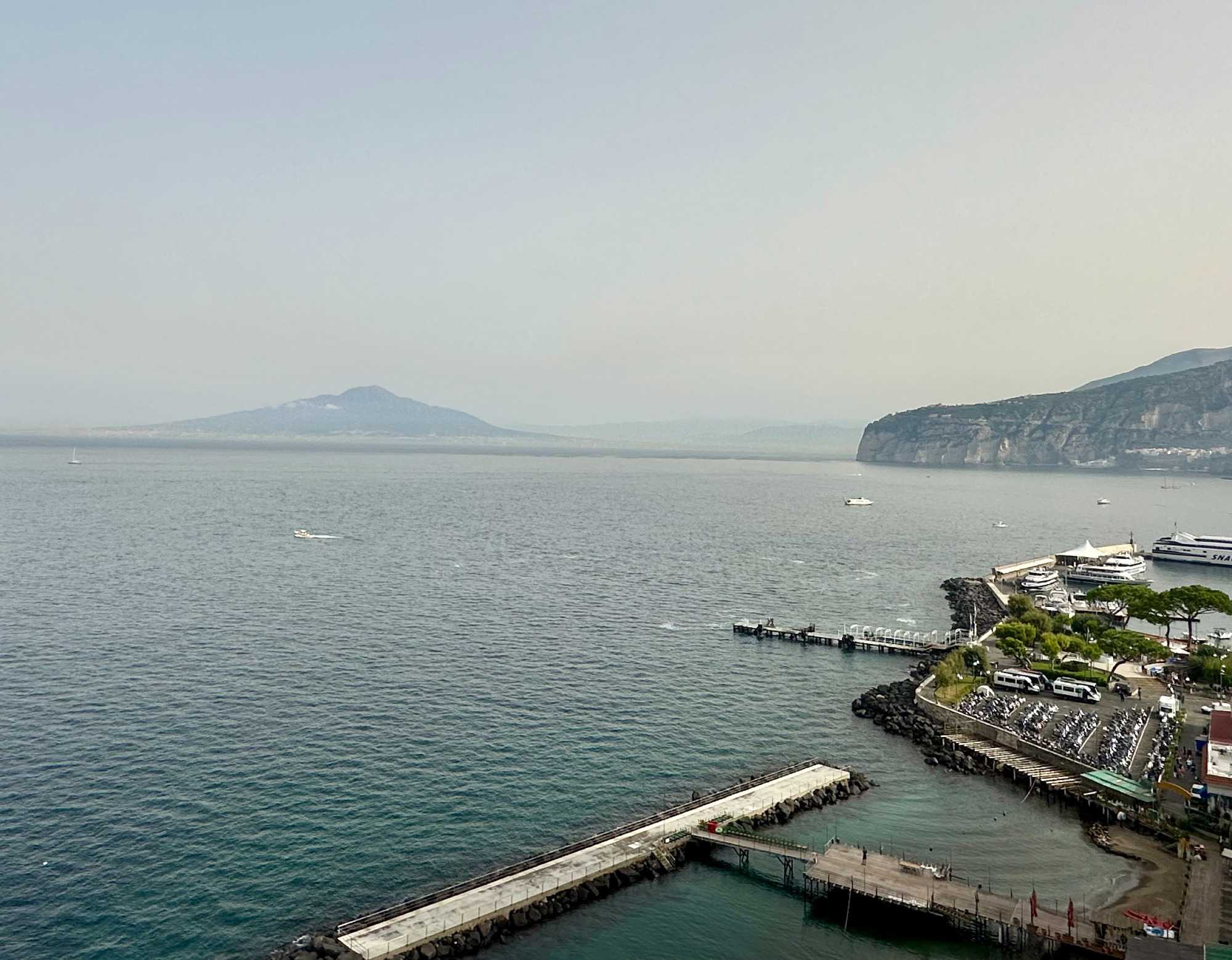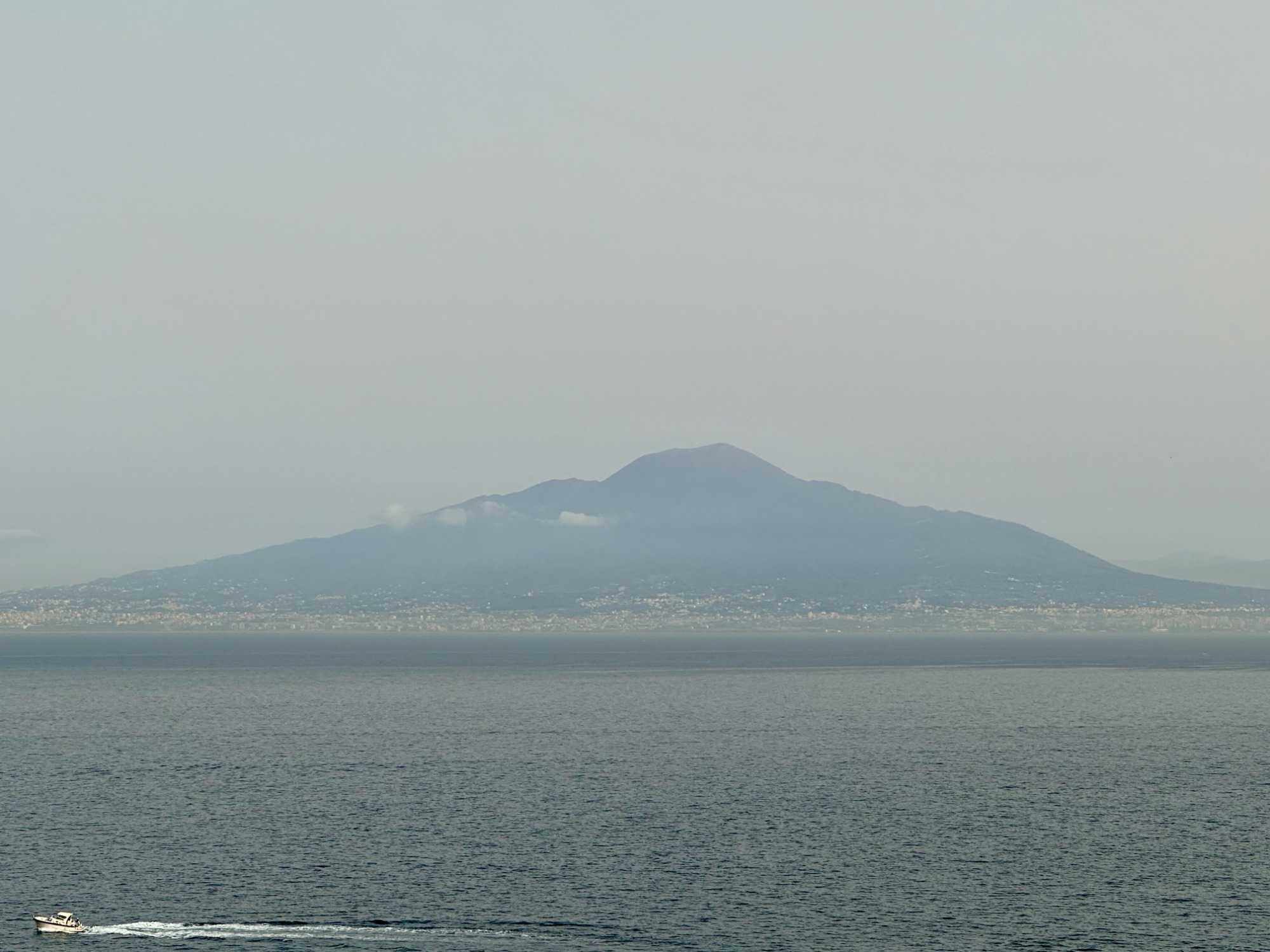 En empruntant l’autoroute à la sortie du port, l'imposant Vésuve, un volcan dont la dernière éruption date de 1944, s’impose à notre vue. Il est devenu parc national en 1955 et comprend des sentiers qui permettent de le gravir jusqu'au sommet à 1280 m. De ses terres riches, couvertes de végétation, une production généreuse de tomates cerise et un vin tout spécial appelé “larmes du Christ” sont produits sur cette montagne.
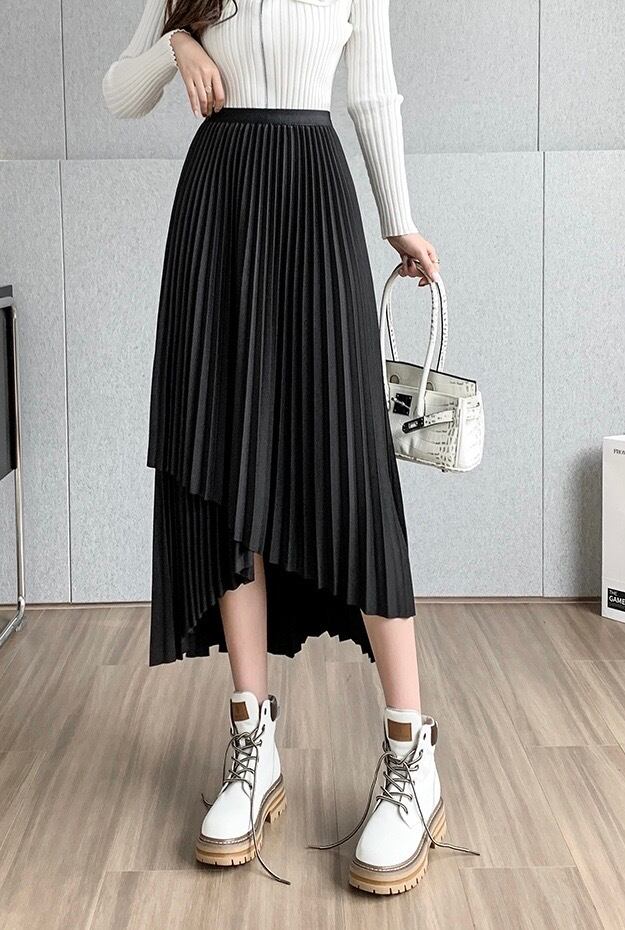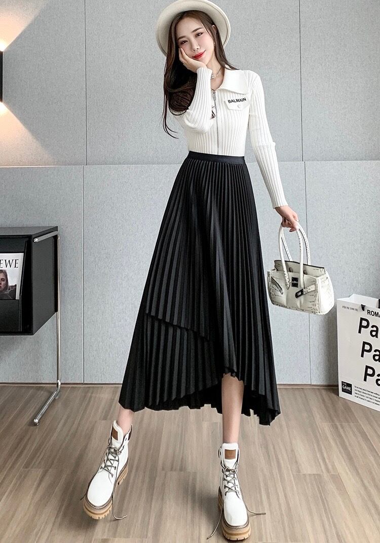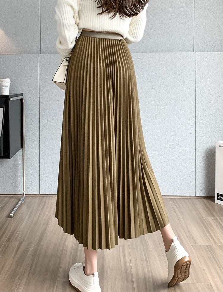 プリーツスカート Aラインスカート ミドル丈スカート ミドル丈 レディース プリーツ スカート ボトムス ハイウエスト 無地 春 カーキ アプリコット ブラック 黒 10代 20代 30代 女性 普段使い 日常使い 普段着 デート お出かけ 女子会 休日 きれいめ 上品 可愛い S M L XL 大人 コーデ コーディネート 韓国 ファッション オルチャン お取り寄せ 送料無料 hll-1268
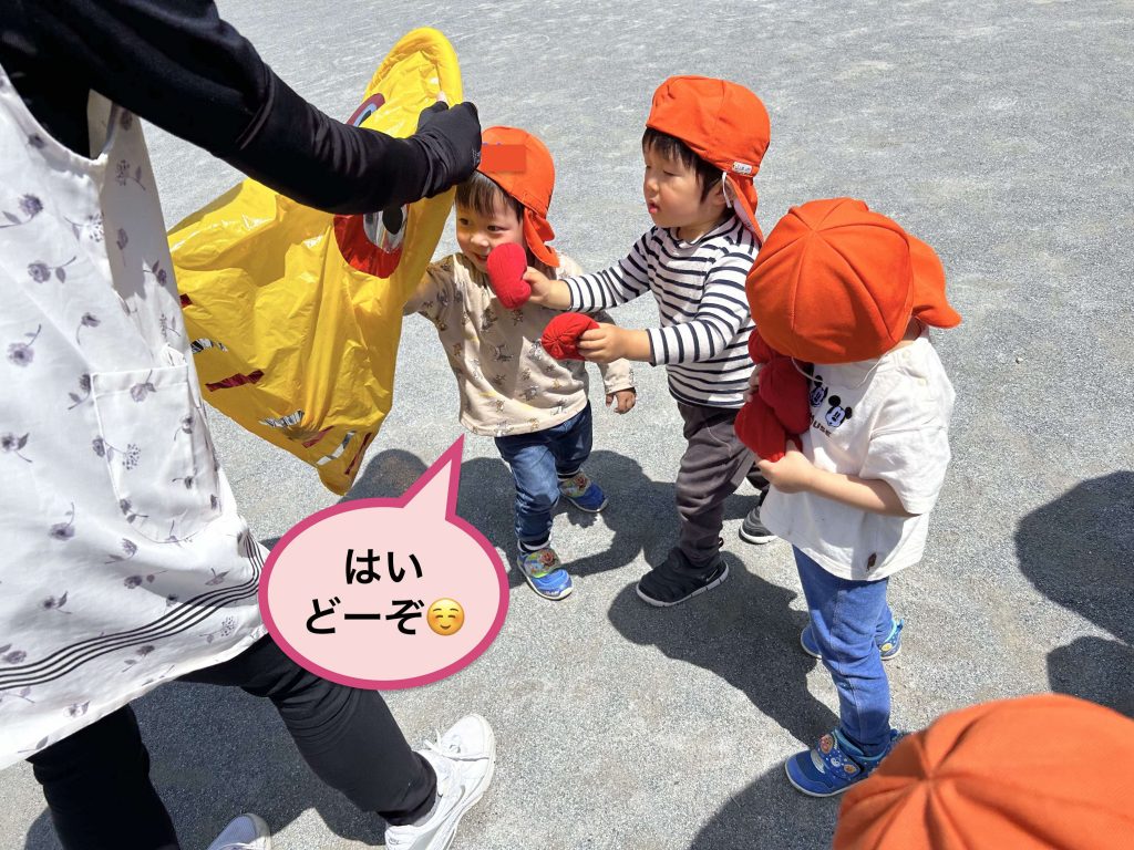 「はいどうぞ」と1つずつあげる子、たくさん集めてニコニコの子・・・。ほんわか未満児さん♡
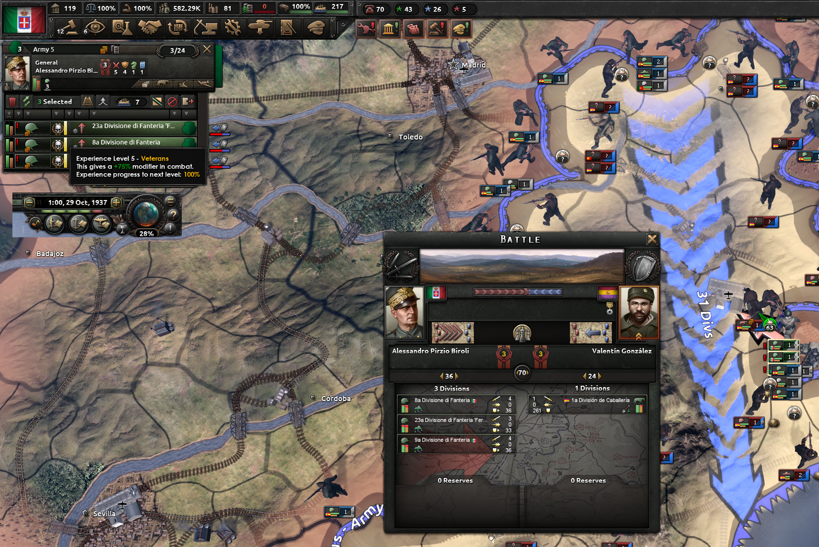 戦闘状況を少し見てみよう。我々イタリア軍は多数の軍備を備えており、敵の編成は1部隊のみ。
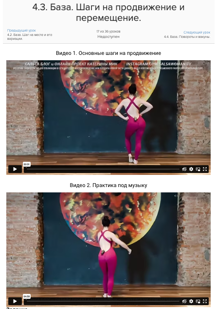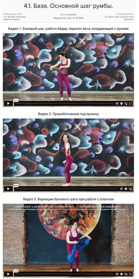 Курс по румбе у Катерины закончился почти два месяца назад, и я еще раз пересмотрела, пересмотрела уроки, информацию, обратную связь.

----

- Problem details: Through the line containing "戦闘状況を少し見てみよう。我" and no further, restate the data above word for word from its first line, leaving out pictures.

- Task result:
 En empruntant l’autoroute à la sortie du port, l'imposant Vésuve, un volcan dont la dernière éruption date de 1944, s’impose à notre vue. Il est devenu parc national en 1955 et comprend des sentiers qui permettent de le gravir jusqu'au sommet à 1280 m. De ses terres riches, couvertes de végétation, une production généreuse de tomates cerise et un vin tout spécial appelé “larmes du Christ” sont produits sur cette montagne.
 プリーツスカート Aラインスカート ミドル丈スカート ミドル丈 レディース プリーツ スカート ボトムス ハイウエスト 無地 春 カーキ アプリコット ブラック 黒 10代 20代 30代 女性 普段使い 日常使い 普段着 デート お出かけ 女子会 休日 きれいめ 上品 可愛い S M L XL 大人 コーデ コーディネート 韓国 ファッション オルチャン お取り寄せ 送料無料 hll-1268
 「はいどうぞ」と1つずつあげる子、たくさん集めてニコニコの子・・・。ほんわか未満児さん♡
 戦闘状況を少し見てみよう。我々イタリア軍は多数の軍備を備えており、敵の編成は1部隊のみ。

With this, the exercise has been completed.